Probably depends on your age. Did you grow up with Pluto being a planet? Having to learn about it in all levels of schooling as a planet? Seeing images of all the planets and Pluto is included?
Or did you grow up afterwards and learn from elementary school that Pluto is not a planet so people who still insist that Pluto is a planet seem anachronistic?
It would be like Hydrogen being removed from the periodic table and being told that from now on Hydrogen is no longer considered an element. Would you still try to say that you feel that Hydrogen really is an element, even though you are wrong and Hydrogen is not an element and never should have been included on the Periodic Table in the first place?
> Did you grow up with Pluto being a planet? Having to learn about it in all levels of schooling as a planet? Seeing images of all the planets and Pluto is included?

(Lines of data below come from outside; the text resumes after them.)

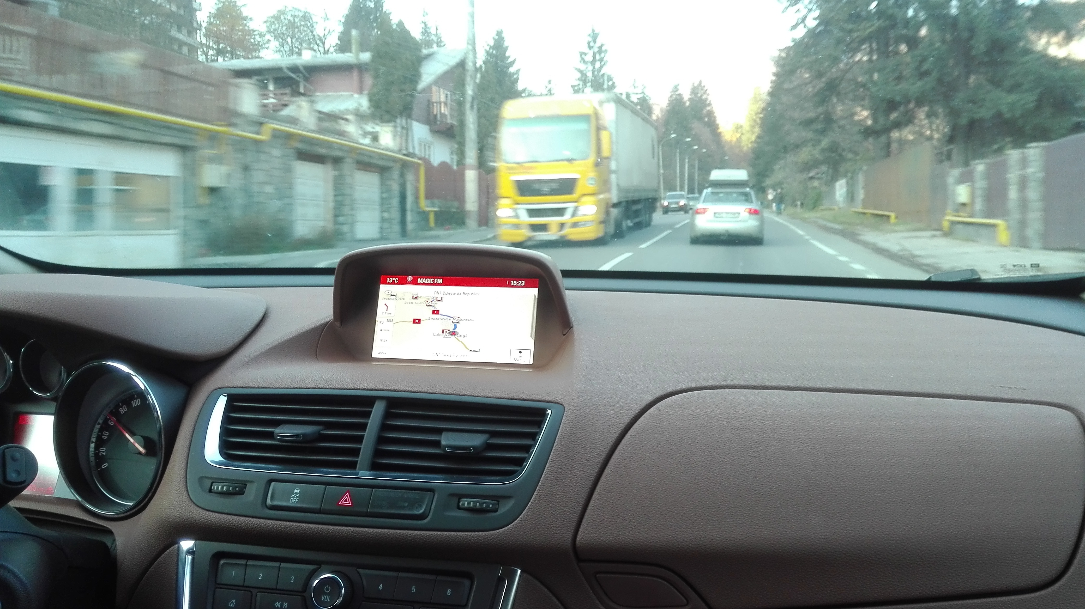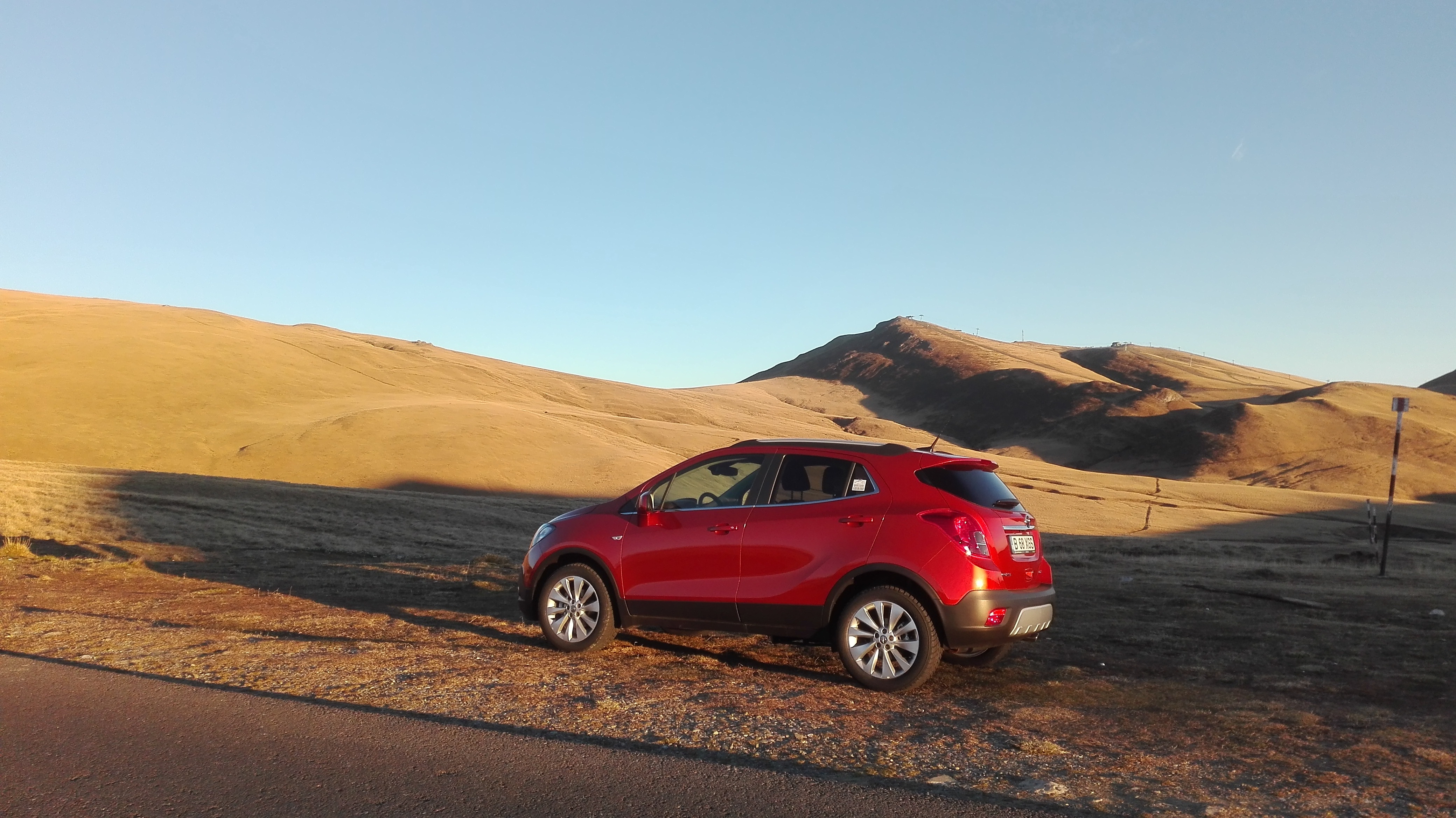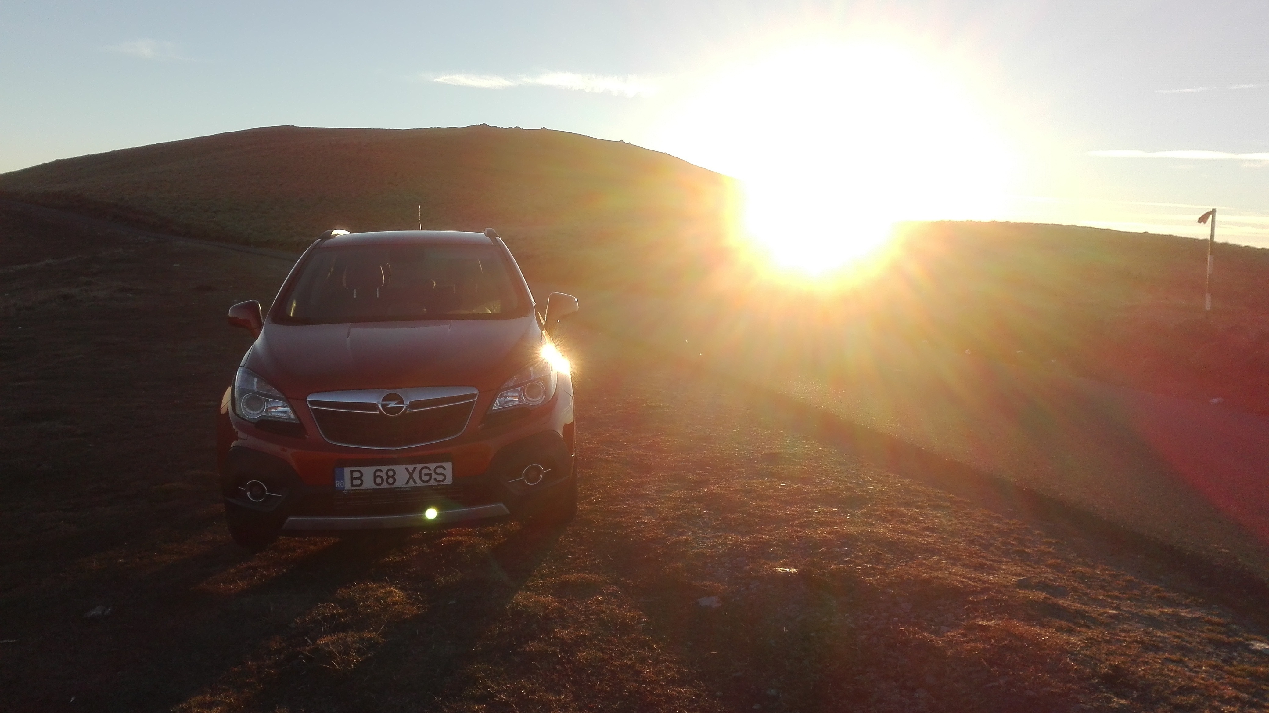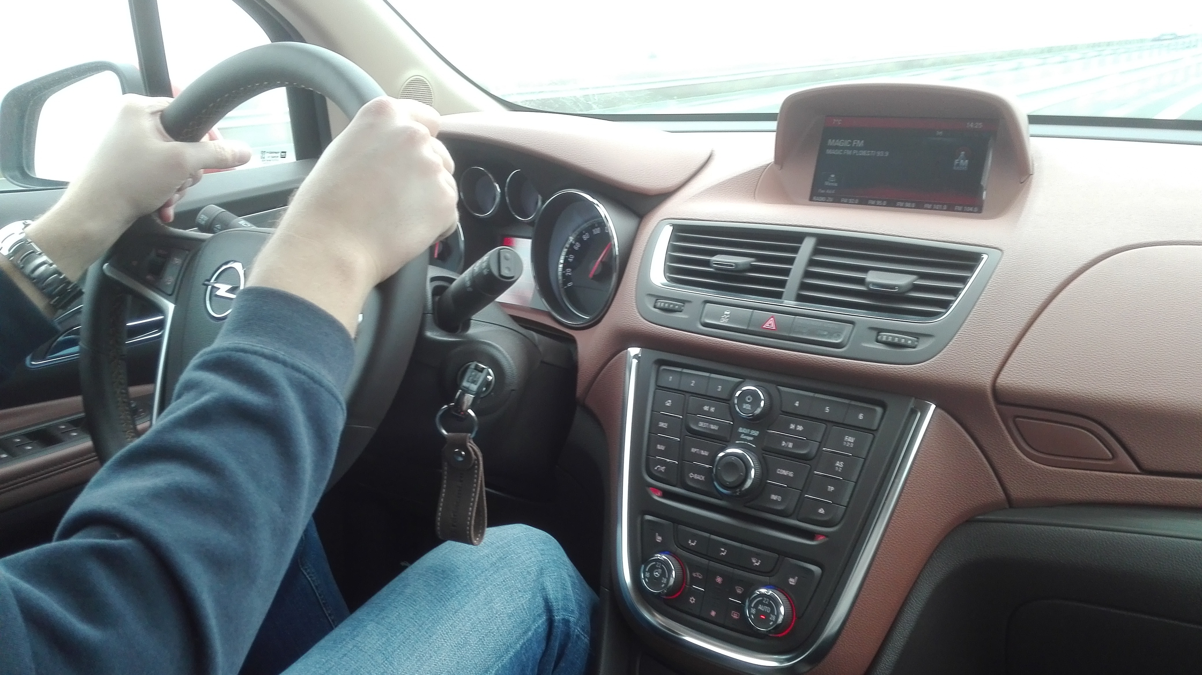 Am pornit la drum cu un Opel Mokka diesel, de 1,6 litri şi 136 de cai-putere. Cuplul maxim este de 320 Nm, disponibil de la 2000 de rotaţii, şi se simte cum maşina începe să tragă de la turaţii joase. Maşina primită la test avea o cutie manual cu 6 trepte, tracţiune integrală şi putem spune că era “full options” în adevăratul sens al sintagmei, fără iz de târg auto.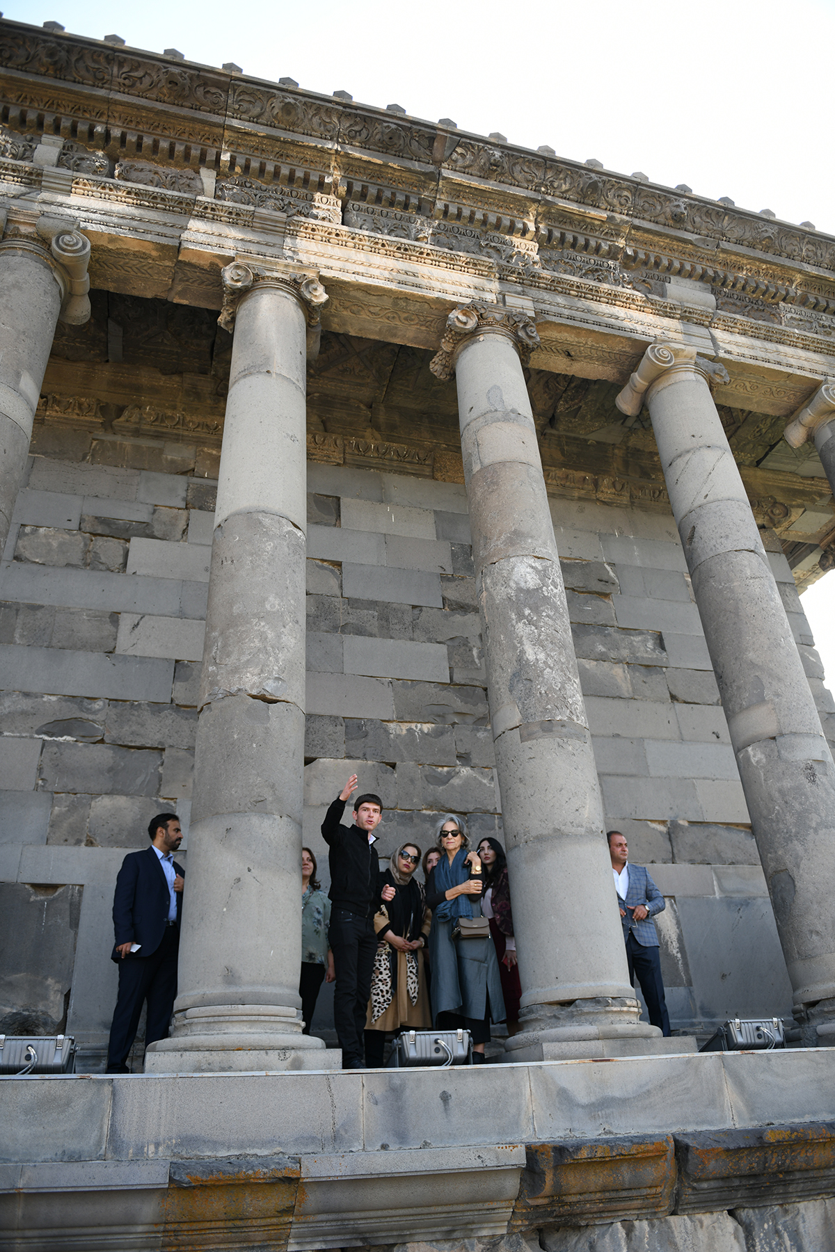 Մինչ այդ, շեյխուհի Հուսա Սաբահ Ալ-Սալեմ Ալ-Սաբահի գլխավորած պատվիրակությունը, մեր երկրի պամամշակութային ժառանգությանը ծանոթանալու նպատակով, այցելել է Գառնու հեթանոսական տաճար և Գեղարդի վանական համալիր: Հյուրերը շրջել են պատմական կոթողների տարածքում, ծանոթացել դրանց բազմադարյա պատմությանը:
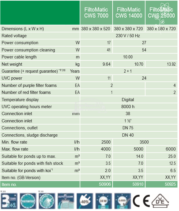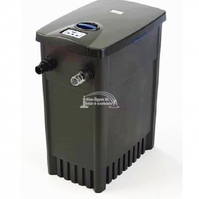 Oase FiltoMatic CWS 25000, átfolyós szűrő 24W UV-C készülékkel, kis zagyszivattyúval. Átfolyós vagy más néven gravitációs szűrő szett, inteligens LCD kijelzős vezérlőegységgel ellátott FiltoMatic CWS 25000 szűrő, 24W beépített UV-C készülék, mely szabadalmaztatott öntisztító technológiával rendelkezik, a vezérelt szennyvízürítéshez beépített kis zagyszivattyú, csatlakozók. Minimális átfolyás igény 3.500L/h, maximális átfolyás 6.000L/h. A vezérlőegységnek köszönhetően manuális vagy előre programozott tisztítási ill. teljesítmény szabályozási programokat lehet futtatni. A vezérlőegység leállítás, (pl. tél) esetén könnyedén kivehető a szűrőből. Kis helyigényű készülék, mely magasságának ~ 70%-áig lesüllyeszthető a talajba. Opcióként vásárolható hozzá kő utánzatú borító fedél. Halasítás nélkül 25.000L-ig, halasítva 13-15.000L-ig függően a halak mennyiségétől, koi-k esetén 7.000L-ig ajánlott. UV-C blokk lebegő algák ellen, szűrő filterek a fizikai szennyeződések ellen és a biológiai szűréshez.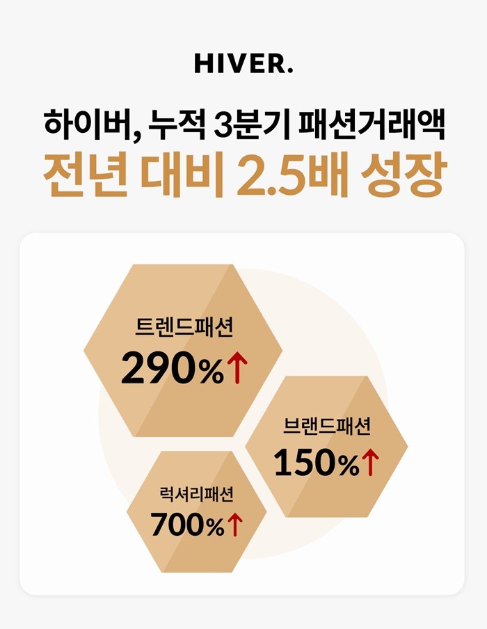 하이버에서는 가성비 패션부터 명품 패션까지 두루 활용하는 MZ세대의 취향이 엿보인다. 올해 1~3분기까지의 거래액을 분석해보면 브랜드와 비브랜드 부문이 모두 성장했는데, 거래액 기준으로는 트렌드 패션, 브랜드 패션, 럭셔리 패션순으로 비중이 높았다. 트렌드 패션은 올해 3분기(1~9월)까지의 거래액이 지난해 동기 대비 290% 수준으로 성장하면서 견조한 성장세를 이어갔으며 품질 좋은 가성비 패션에 대한 선호도를 확인했다.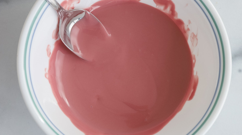 - Put the ruby chocolate in a small bowl and microwave in 15-second increments until completely melted.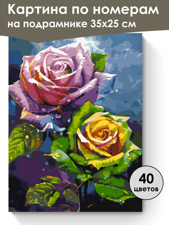 Картина по номерам на подрамнике, размер 35х25 см, произведена нами. Она включает 40 оттенков и 1277 контуров, что придаёт ей глубину цвета и плавные переходы. Картина выглядит более ярко и живо. В комплект входит глянцевый лак, которым можно покрыть работу по желанию. Краски имеют хорошую укрывистость, хватает двух проходов что бы закрасить символы на схеме. Так же они сохраняют текстуру мазков, не растекаясь и не разглаживаясь полностью на холсте. При покрытии глянцевым лаком создаётся эффект приближенный к масляной живописи. Краски упакованы герметично, что сохраняет их жидкими. Все необходимые инструменты для начала работы также включены в комплект, в том числе и крепления на стену. В картине используется крепкий подрамник со специальной вставкой, которая предотвращает провисание холста во время рисования. Это обеспечивает комфортный процесс работы и гарантирует, что холст всегда будет оставаться хорошо натянутым. Мы не используем экосольвентные чернила, которые содержат свинец и могут быть вредны для здоровья. Наши картины напечатаны безопасными водными пигментными чернилами, обеспечивающими чёткое изображение и легко читаемые обозначения. Холст плотный, имеет мелкую зернистость, легко разглаживается и устойчив к сминанию. Картина поставляется в защищённой бурой коробке. Две розы в стиле цифровой живописи: верхняя роза нежно-розового цвета с каплями воды на лепестках, а нижняя — ярко-жёлтая с насыщенными зелёными листьями, фон изображён абстрактными оттенками синего и зелёного.
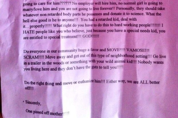 «Έχετε ένα καθυστερημένο παιδί, φερθείτε του ανάλογα!», γράφει στη συνέχεια η γειτόνισσα. «Δεν έχετε το δικαίωμα να το κάνετε αυτό σε σκληρά εργαζόμενους ανθρώπους. Κάντε σε όλους μας μια χάρη και μετακομίστε, γίνετε καπνός! Θα ‘ταν καλύτερα αν ζούσατε σ’ ένα τροχόσπιτο στο δάσος με το άγριο ζώο που έχετε για παιδί».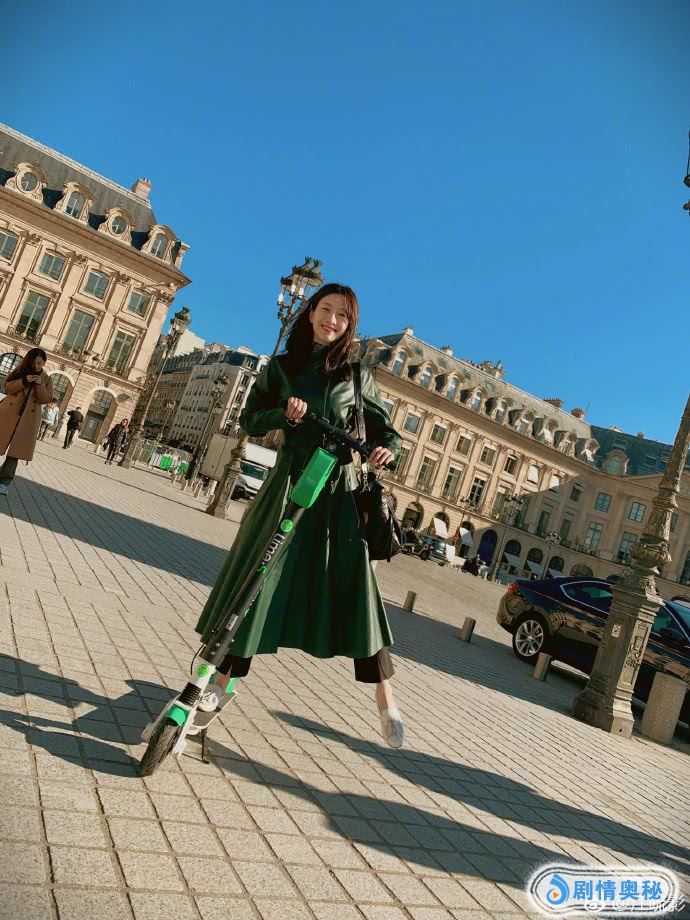 2月27日下午,江疏影微博晒出一组巴黎街头的街拍图,江疏影身穿墨绿色皮质大衣,笑容明媚,超级阳光,气质尽显。
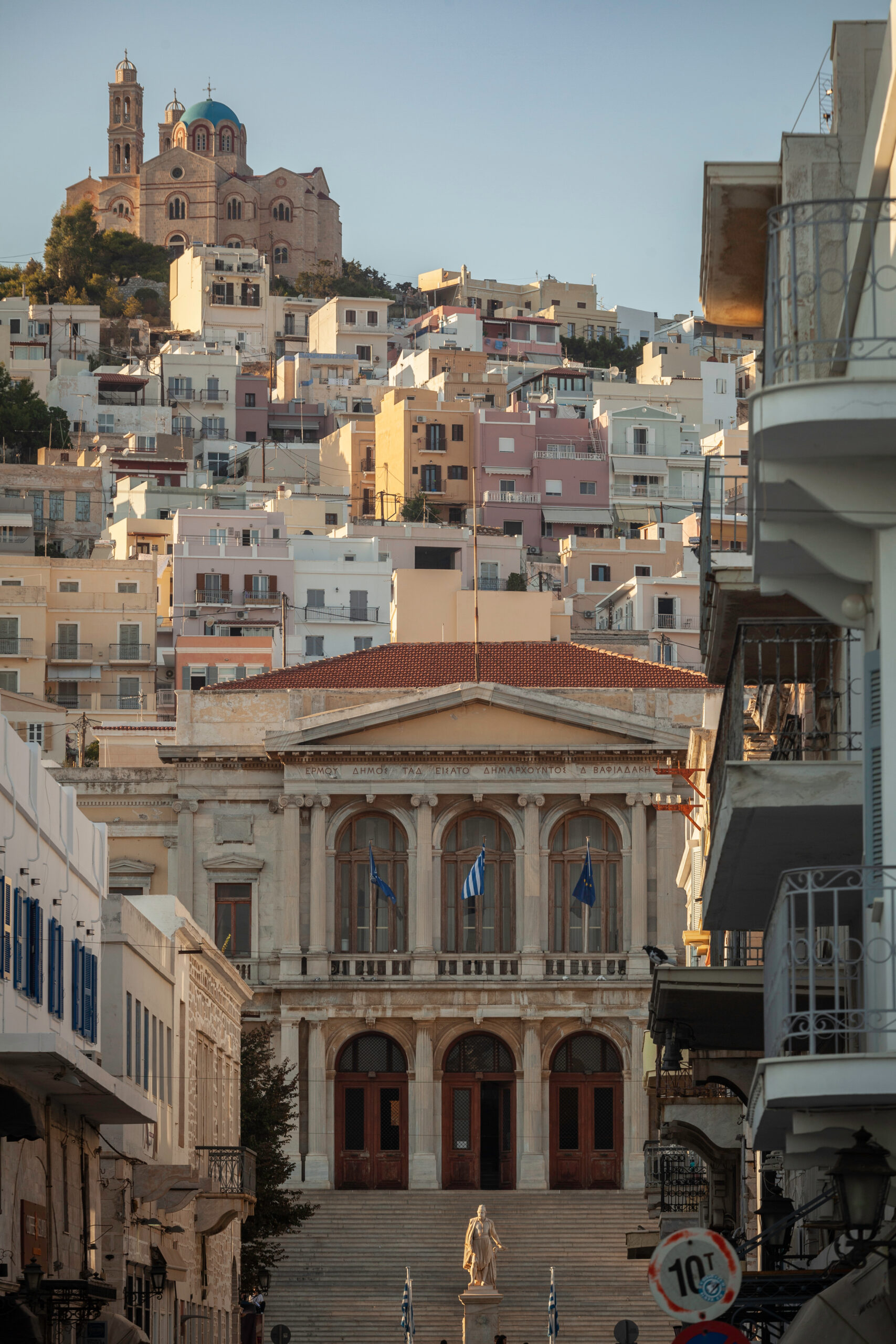 «Μακάρι να ζούσα εδώ», εύχεσαι καθώς αντικρίζεις από την Αληθινή το σύμπλεγμα των δύο οικισμών που όλο και εξαπλώνεται, σαν να γεννάει κάθε τόσο ζωή. Την ευχή σου έχουν κάνει πραγματικότητα άνθρωποι από όλο τον κόσμο και η Ερμούπολη εποικίζεται πλέον (και) με «digital nomads». Η μεγάλη προίκα της νεοκλασικής πόλης, που δεν μοιάζει με καμία στις Κυκλάδες, είναι τα μέγαρα και τα δημόσια κτίριά της.

Yup, grew up with all of those things.
And when they discovered more Plutoids - some even bigger than Pluto - when I was in high school, I loved watching science change as more information came in. Because that's what science does.
I love that we now have better definitions to more accurately describe bodies orbiting a star, and Pluto is definitely not a planet the same way the 8 planets are.
Pluto was a planet when I learned about it in school. I also learned that it was the one that was discovered last.
When they decided to change its status to dwarf planet, I looked up the reasons behind it, read up on the complexities of the matter, and could see the reasoning behind the change.
Then again, I hadn't reached thirty yet. Even in my forties I find it takes slightly more time to change my mind on some things...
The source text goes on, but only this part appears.